Only one stretch of the data below is needed: the line with "A Loyal Legend" through the last line. Output it exactly and drop the pictures.

━━━ Entries supplied

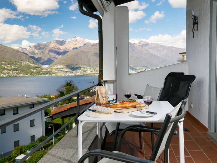 "Residenza Miralago Apt. C29", 1-Zimmer-Wohnung 64 m2 im 2. Stock. Geräumig und hell, teilweise renoviert im Jahre 2021, komfortabel und modern eingerichtet: offenes grosses Wohn-/Esszimmer mit 1 Doppelbett (180 cm, Länge 200 cm), Essecke und Kabel-TV (Flachbildschirm), Radio. Ausgang zum Balkon. Offene Küche im Eingang (Backofen, Geschirrspüler, 4 Glaskeramikplatten, elektrische Kaffeemaschine, Kapseln für die Kaffeemaschine (Nespresso) extra). Dusche/WC. Heizung. Balkon. Balkonmöbel. Herrliche Panoramasicht auf den See, die Berge und die Landschaft. Bitte beachten: Nichtraucher-Unterkunft. NL-00003597
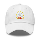 Inspired by the Miraculous Medal, this hat has a low profile with an adjustable strap and curved visor.
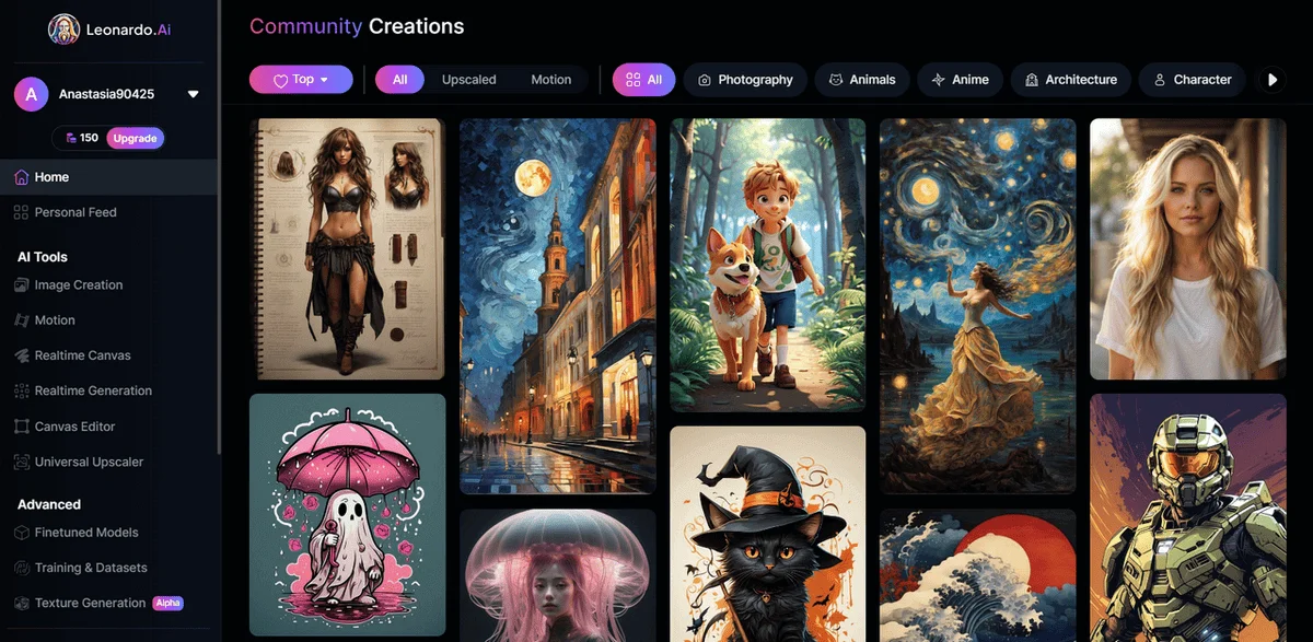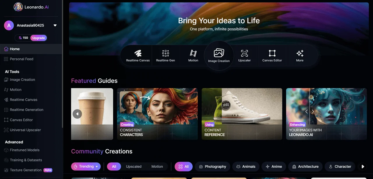Ниже на скриншоте — главный экран Leonardo AI. Слева перечислены все функции нейросети. Основные из них также продублированы по центру. Большинство функций в Leonardo бесплатные, но некоторые доступны только по подписке.
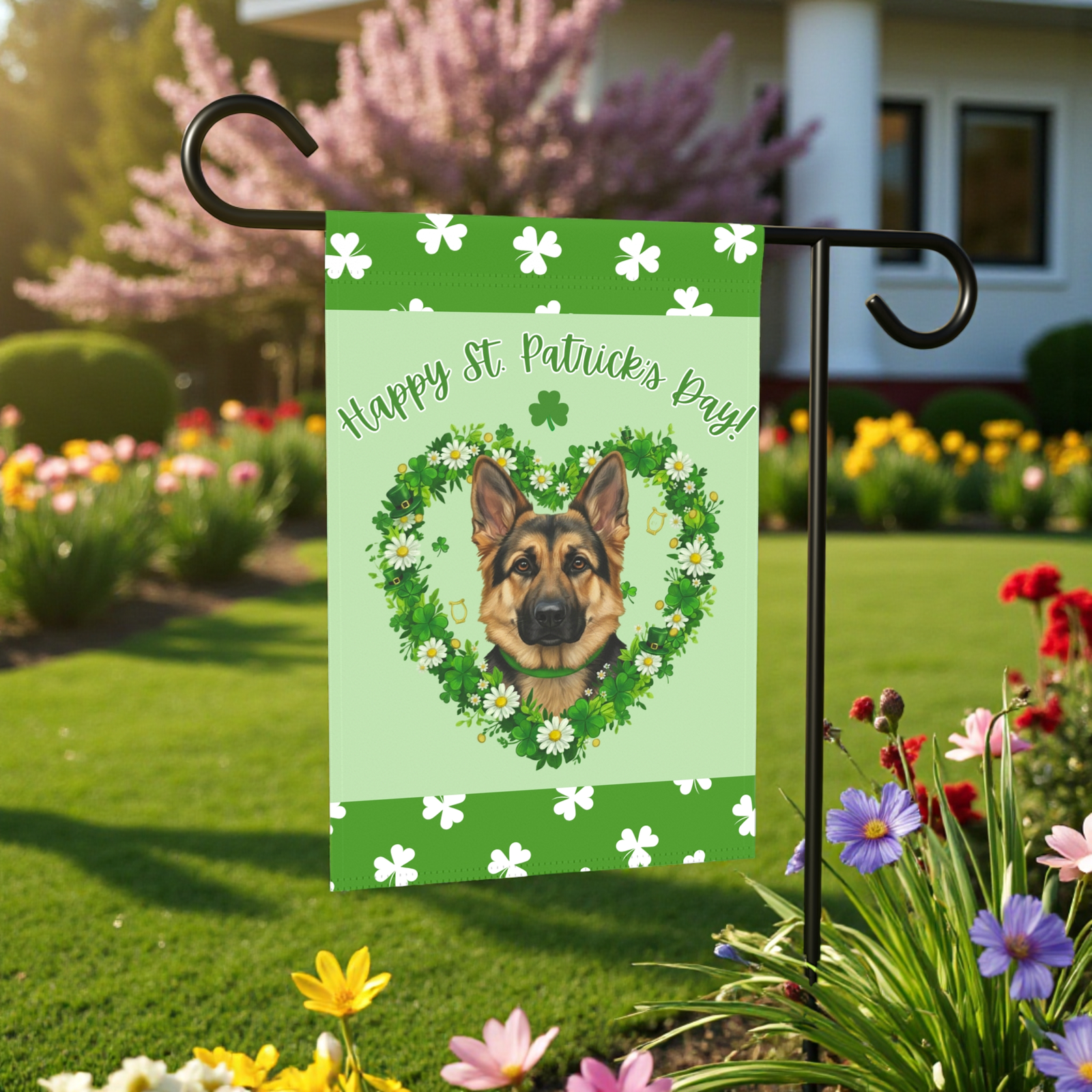 A Loyal Legend in Lucky Clover: The St. Patrick’s Day German Shepherd Garden Flag
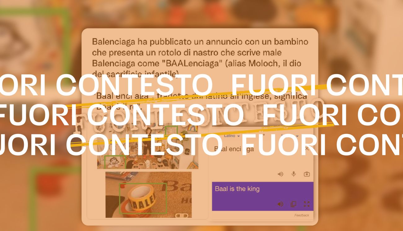 L’immagine contenuta nel tweet oggetto della nostra analisi è reale ed è uno degli scatti ritirati da Balenciaga. Secondo l’autore del post, il nastro presente nella foto farebbe riferimento a Baal (talvolta chiamato Bael), dio della fertilità fenicio menzionato nell’Antico Testamento e inserito nella gerarchia dei demoni cristiani da alcuni teologi ed esorcisti. Inserendo le parole “baal enci aga” su Google Translate e traducendole dal latino all’italiano, il servizio restituisce effettivamente la frase “baal è il re”, ma si tratta di un errore.

━━━━━━

#### Task answer
 A Loyal Legend in Lucky Clover: The St. Patrick’s Day German Shepherd Garden Flag
 L’immagine contenuta nel tweet oggetto della nostra analisi è reale ed è uno degli scatti ritirati da Balenciaga. Secondo l’autore del post, il nastro presente nella foto farebbe riferimento a Baal (talvolta chiamato Bael), dio della fertilità fenicio menzionato nell’Antico Testamento e inserito nella gerarchia dei demoni cristiani da alcuni teologi ed esorcisti. Inserendo le parole “baal enci aga” su Google Translate e traducendole dal latino all’italiano, il servizio restituisce effettivamente la frase “baal è il re”, ma si tratta di un errore.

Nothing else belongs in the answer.